#### [ACTIVITY]
Quote the listing in full, exactly as given, minus any pictures.
*** INFORMATION SHOWN Section Begins ***
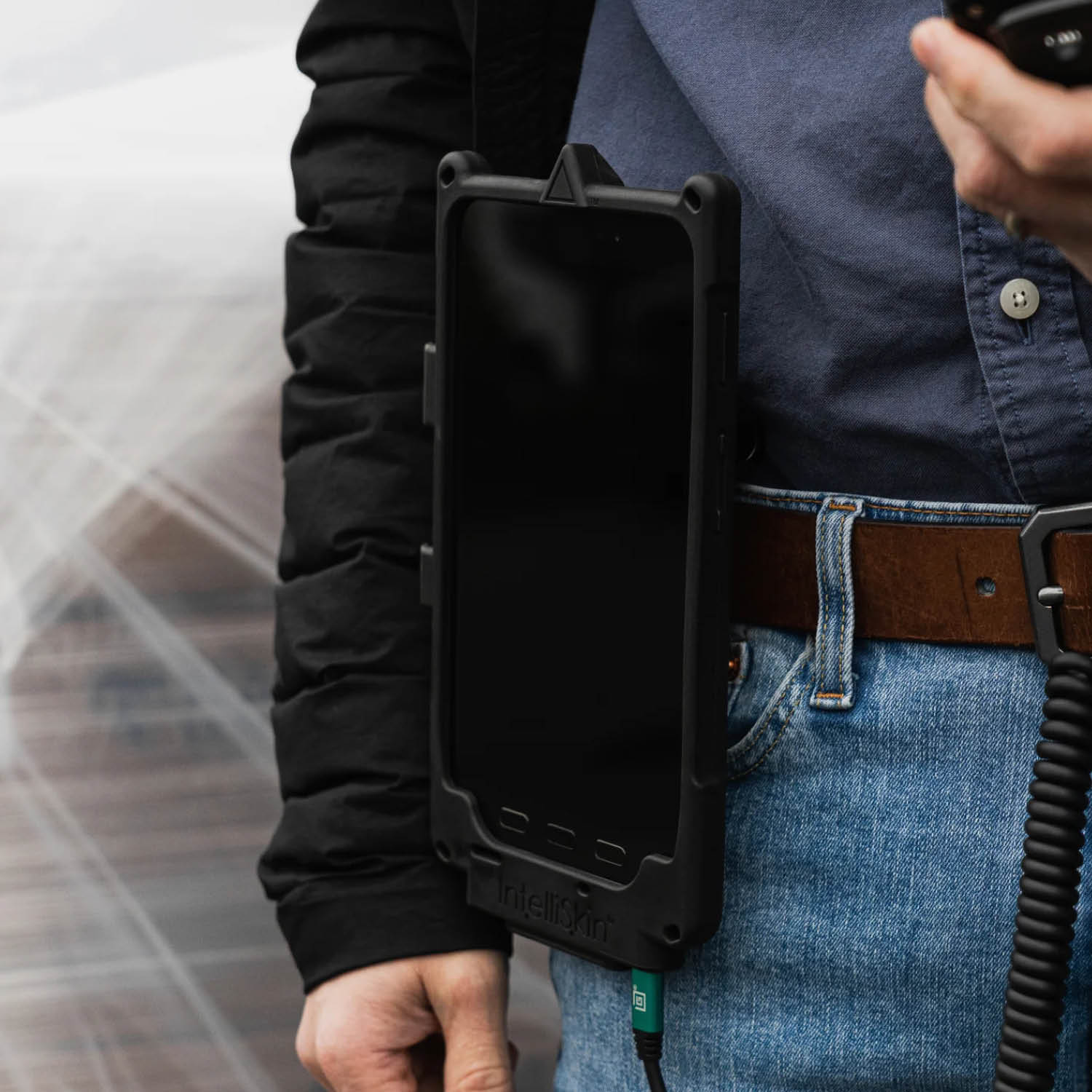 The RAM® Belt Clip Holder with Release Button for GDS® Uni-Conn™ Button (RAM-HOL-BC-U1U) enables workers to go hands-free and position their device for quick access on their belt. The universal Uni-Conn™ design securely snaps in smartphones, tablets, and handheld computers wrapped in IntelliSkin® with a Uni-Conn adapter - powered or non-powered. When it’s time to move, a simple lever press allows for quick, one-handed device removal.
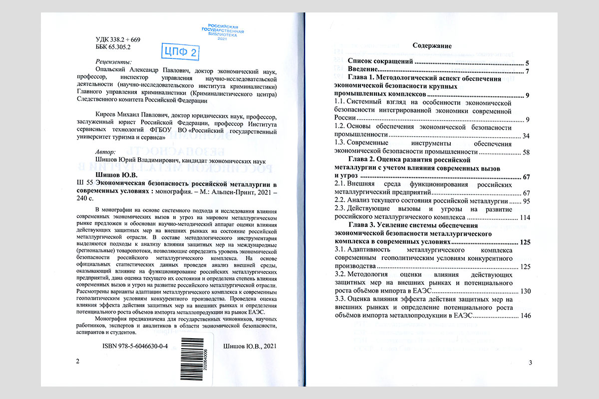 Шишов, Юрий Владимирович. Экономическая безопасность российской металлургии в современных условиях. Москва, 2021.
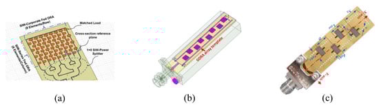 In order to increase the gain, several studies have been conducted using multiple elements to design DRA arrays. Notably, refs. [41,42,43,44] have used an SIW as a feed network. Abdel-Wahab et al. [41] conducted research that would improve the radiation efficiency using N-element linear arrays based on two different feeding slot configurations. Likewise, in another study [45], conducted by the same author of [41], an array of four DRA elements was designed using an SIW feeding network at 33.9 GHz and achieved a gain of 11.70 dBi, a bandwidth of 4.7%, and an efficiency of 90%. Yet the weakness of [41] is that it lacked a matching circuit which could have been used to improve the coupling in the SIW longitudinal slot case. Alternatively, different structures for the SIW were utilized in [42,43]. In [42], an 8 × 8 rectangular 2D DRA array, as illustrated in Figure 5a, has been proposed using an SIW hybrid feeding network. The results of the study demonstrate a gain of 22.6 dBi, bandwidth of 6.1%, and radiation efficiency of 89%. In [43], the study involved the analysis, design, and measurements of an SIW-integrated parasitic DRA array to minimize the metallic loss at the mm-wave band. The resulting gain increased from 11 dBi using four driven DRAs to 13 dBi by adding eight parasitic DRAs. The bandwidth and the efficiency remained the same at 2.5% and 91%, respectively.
*** INFORMATION SHOWN Section Ends ***
#### [SOLUTION BELOW]
 The RAM® Belt Clip Holder with Release Button for GDS® Uni-Conn™ Button (RAM-HOL-BC-U1U) enables workers to go hands-free and position their device for quick access on their belt. The universal Uni-Conn™ design securely snaps in smartphones, tablets, and handheld computers wrapped in IntelliSkin® with a Uni-Conn adapter - powered or non-powered. When it’s time to move, a simple lever press allows for quick, one-handed device removal.
 Шишов, Юрий Владимирович. Экономическая безопасность российской металлургии в современных условиях. Москва, 2021.
 In order to increase the gain, several studies have been conducted using multiple elements to design DRA arrays. Notably, refs. [41,42,43,44] have used an SIW as a feed network. Abdel-Wahab et al. [41] conducted research that would improve the radiation efficiency using N-element linear arrays based on two different feeding slot configurations. Likewise, in another study [45], conducted by the same author of [41], an array of four DRA elements was designed using an SIW feeding network at 33.9 GHz and achieved a gain of 11.70 dBi, a bandwidth of 4.7%, and an efficiency of 90%. Yet the weakness of [41] is that it lacked a matching circuit which could have been used to improve the coupling in the SIW longitudinal slot case. Alternatively, different structures for the SIW were utilized in [42,43]. In [42], an 8 × 8 rectangular 2D DRA array, as illustrated in Figure 5a, has been proposed using an SIW hybrid feeding network. The results of the study demonstrate a gain of 22.6 dBi, bandwidth of 6.1%, and radiation efficiency of 89%. In [43], the study involved the analysis, design, and measurements of an SIW-integrated parasitic DRA array to minimize the metallic loss at the mm-wave band. The resulting gain increased from 11 dBi using four driven DRAs to 13 dBi by adding eight parasitic DRAs. The bandwidth and the efficiency remained the same at 2.5% and 91%, respectively.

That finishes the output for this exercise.